Validation and training loss almost constant

Hello! I am trying to build a CNN in order to extract from some images a physical quantity, which should be an array, so this is a kind of regression problem.

I have downloaded and used a pytorch version of the DenseNet (GitHub - bamos/densenet.pytorch: A PyTorch implementation of DenseNet.) modified so that I have before the dense blocks 2 conv layers (kernel sizes 5 and 3) instead of 1 and the last dense block is flattened and is followed by two fully connected layers. The 3 dense blocks contain six conv layers each with growth rates 8, 16 and 32, respectively.

I have tried different learning rates and optimization (adam, mseprop, sgd) and loss functions (mse, l1), but the training loss and the averaged validation loss does not seem to change (in some cases a decrease may be observed for the first few epochs maybe).

I have a dataset of about 10000 items and I split is to training, validation and test data (70%, 15%, 15%) using scikit-learn’s train_test_split(). The training data is shuffled when loaded by the Dataloader. A single loaded item contains a 256x256 image and the target array, which has also 256 element. The image is grayscale image and is transformed to values between 0 and 1 only by the ToTensor() transformation before entering the model.

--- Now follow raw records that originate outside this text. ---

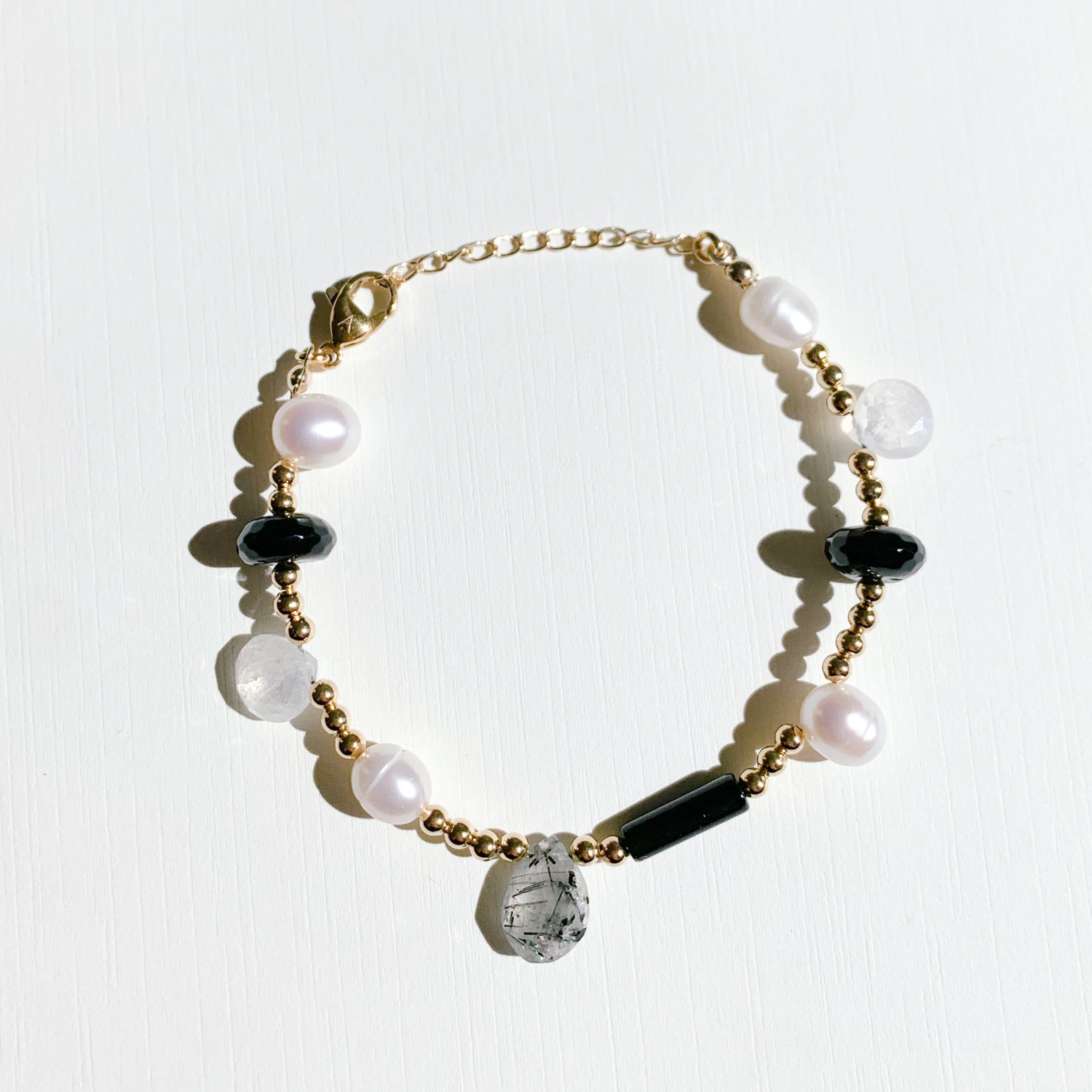 Materials: 18k Gold Plated Brass, Moonstone, Rutilated Quartz, Onyx, Freshwater Pearls.
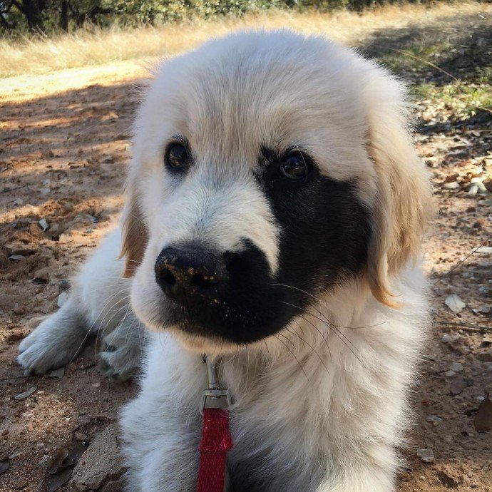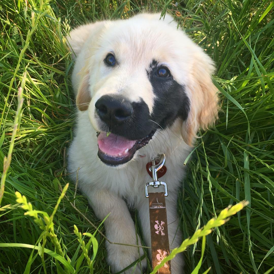 Despite being a purebred Golden Retriever, a breed that typically sports a single golden coat, Enzo was born with a large black splotch around his eye, which almost completely covers the left side of his face. The beautiful beauty mark is caused by a rare disorder called pigmented somatic cell mutation.
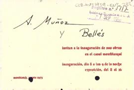 Invitació d'A. Muñoz y Bellés a la inauguració de l'exposició de les seves obres al casal montblanquí.
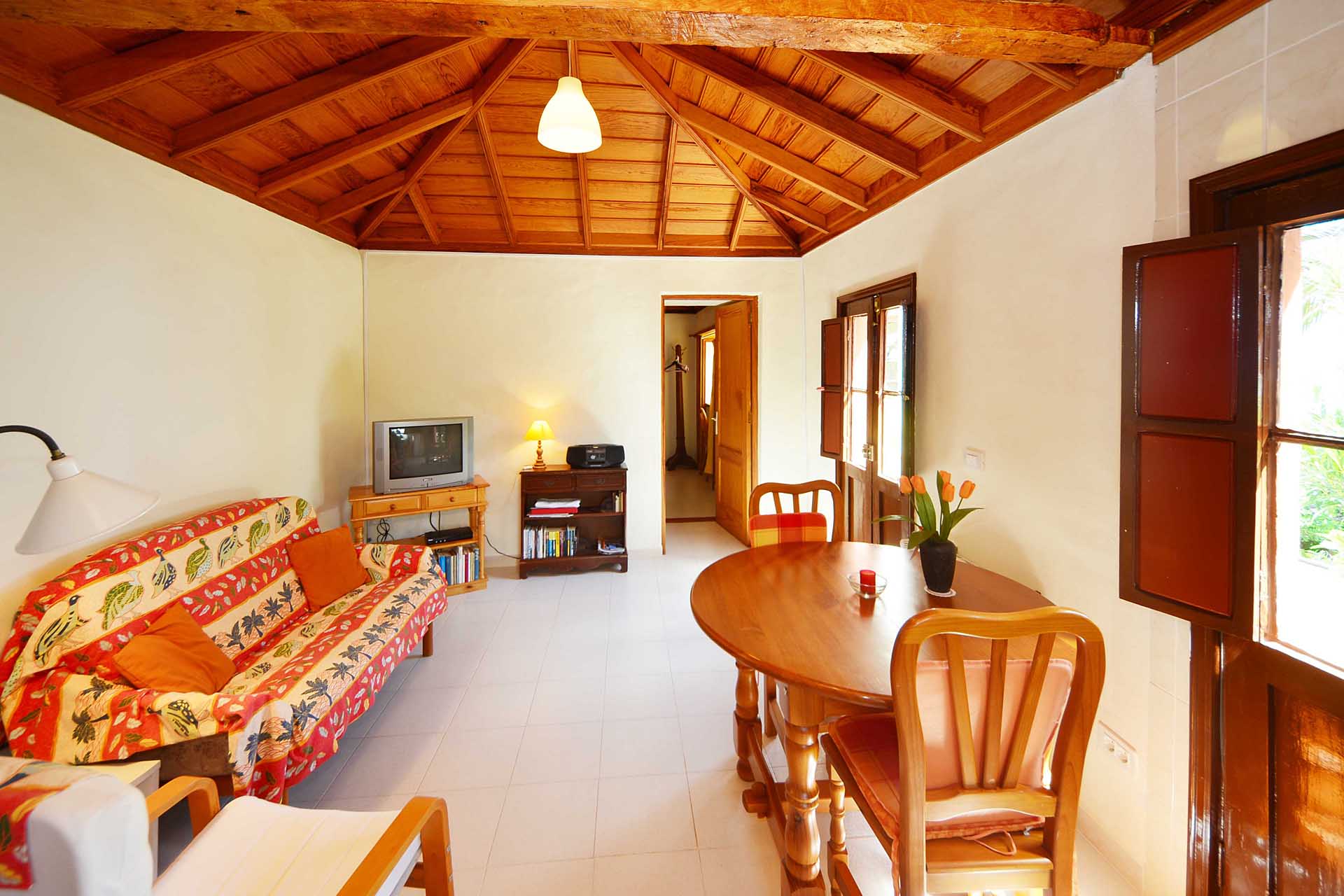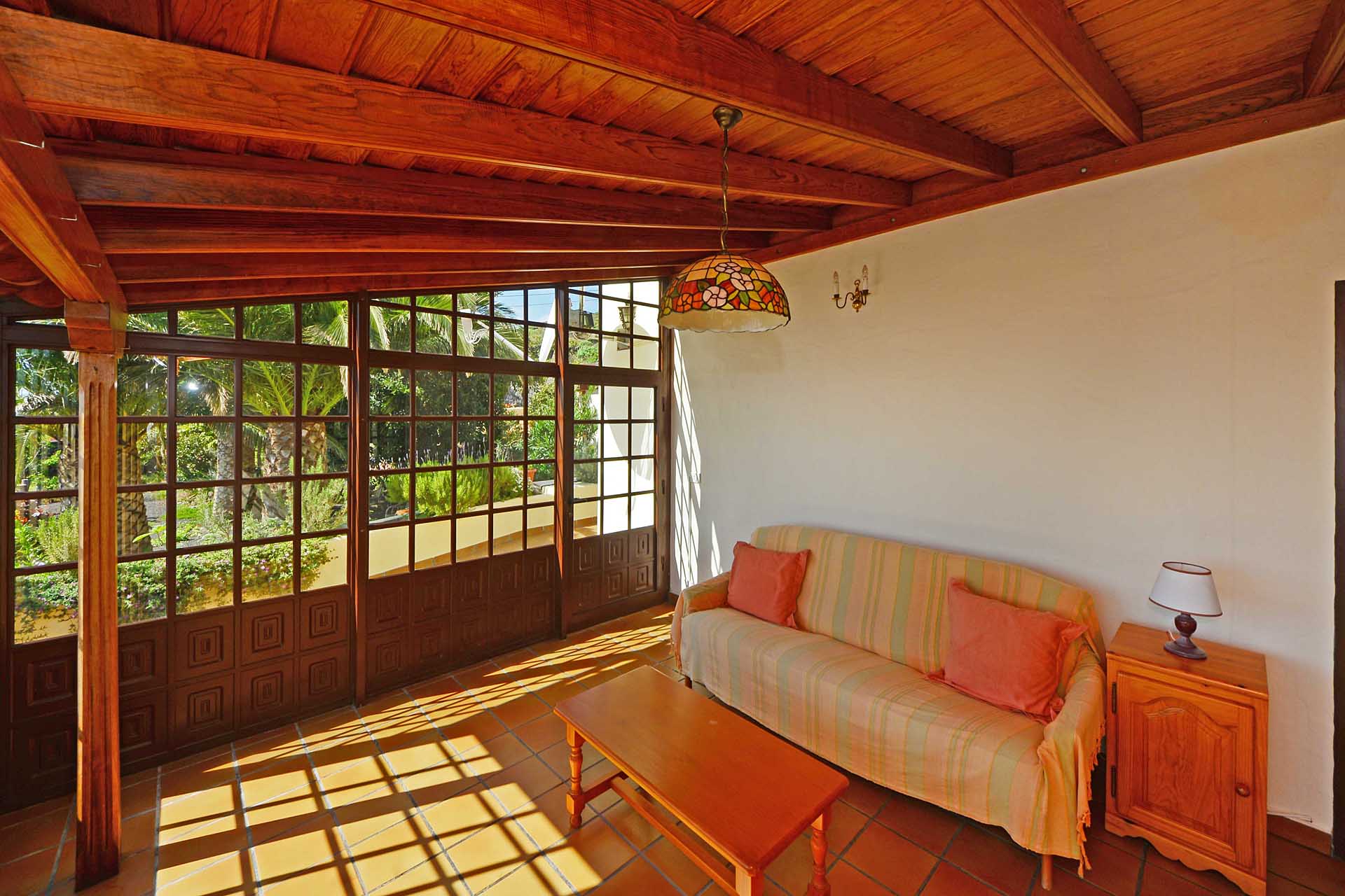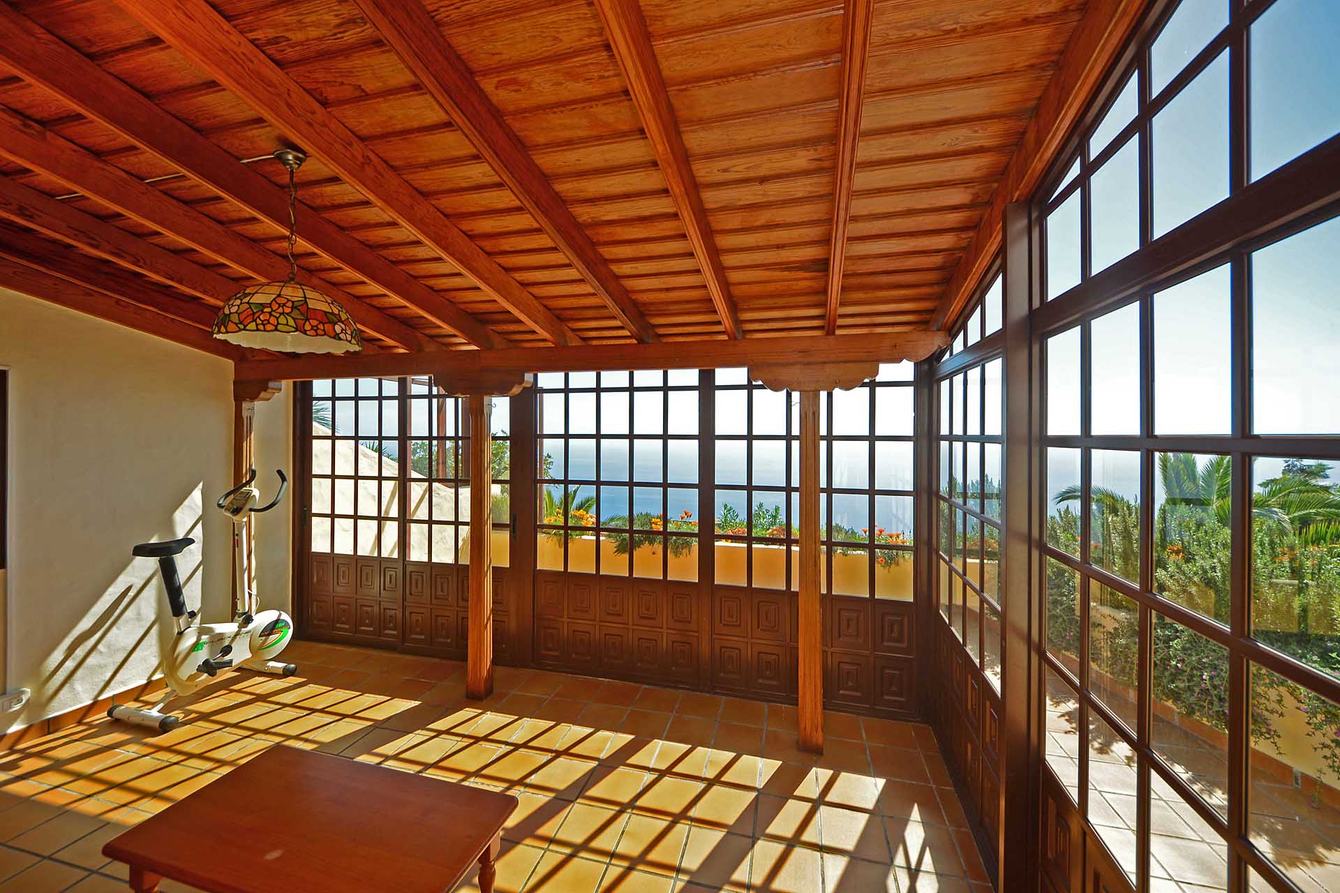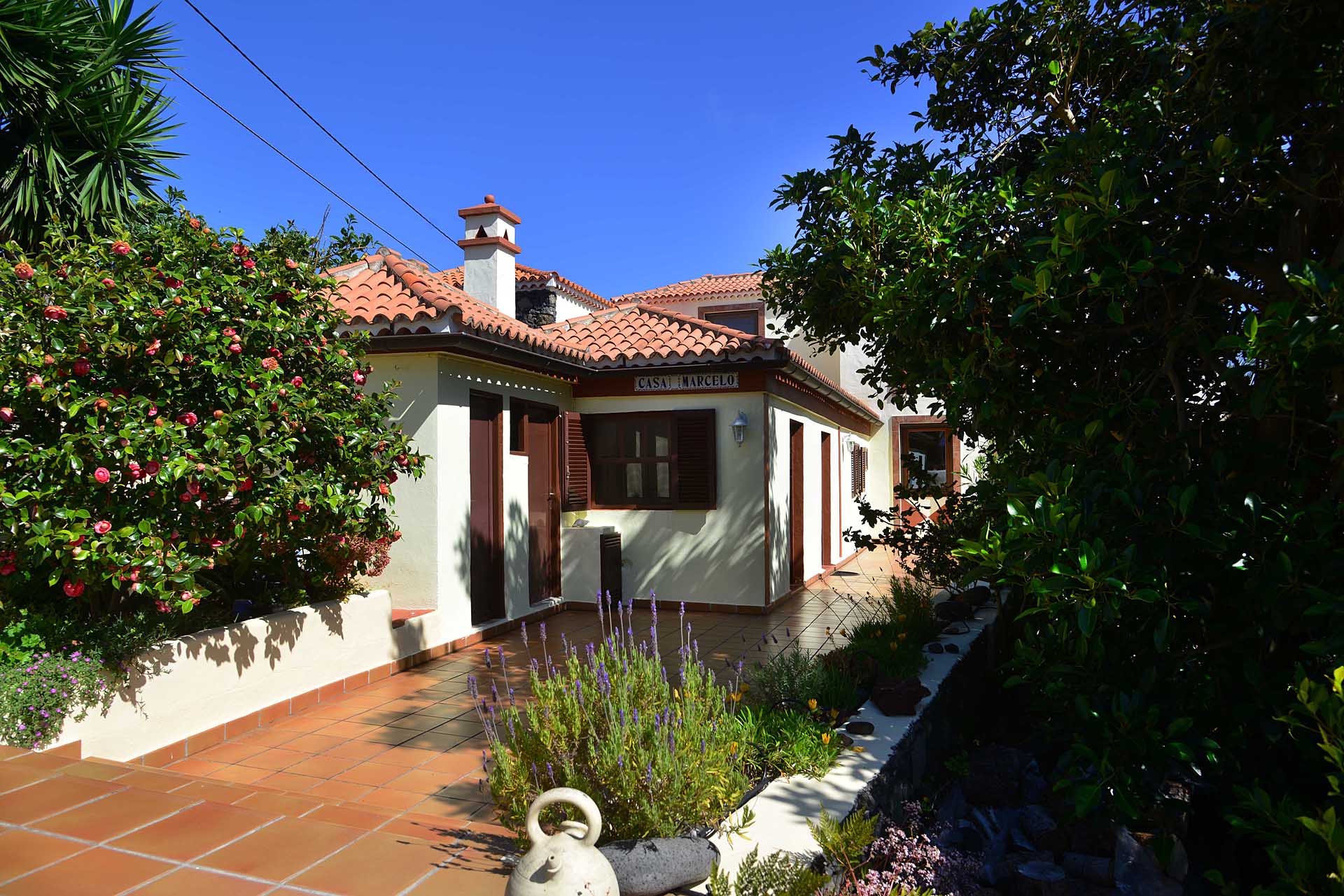 Das zweigeschossige, in kanarischem Stil gebaute Hauptgebäude (165 m²) beherbergt im Erdgeschoss ein gemütliches Kaminzimmer, eine Küche mit Essplatz, einen großen Wohnbereich der derzeit teilweise als Künstleratelier genutzt wird sowie einen Wintergarten und einen Hauswirtschaftsraum. Im Obergeschoss befinden sich ein Arbeitszimmer mit fantastischem Ausblick, ein Wannenbad, ein WC und ein geräumiges und gemütliches Schlafzimmer. Die hohen, kanarischen Dachstühle sorgen für ganzjährig angenehmes Klima und eine heimelige, warme Ausstrahlung. Über eine Treppe gelangt man in die Garage, so dass Sie unmittelbaren Zugang von der Garage in das Haupthaus haben. Auch die Garage wurde mit einem kanarischen Dachstuhl versehen, so dass sie auch zu einem vollwertigen Wohnraum umgebaut werden kann.

My suspicion is that the target array should be scaled or normalized too, but I am not sure how, since some of these arrays contains only positive values , others mostly negative and some are in between. Also the values of the elements of the different arrays may differ significantly and even inside a single array the maximum value may be around 0 and the minimum lets say -200. I may also mention that the same model predicts mostly accurately a different physical quantity from the same images but of course different target arrays (element values in this case are between 0 and 1). Can someone suggest a strategy to tackle the first problem ? Many thanks and apologies for the long description.

Normalizing the output could work e.g. if your target has specific bounds.
E.g. in the past I’ve worked on a keypoint detection use case where the target coordinates were in the range [0, 96]. While the model might have been able to learn also this distribution, the training was faster by normalizing the targets to [0, 1] and “de-normalizing” it to [0, 96] to calculate the RMSE as well as the predictions. I don’t know, if you could also apply a similar workflow or of the target range is much larger and the normalization could “squeeze” small values into a tiny range.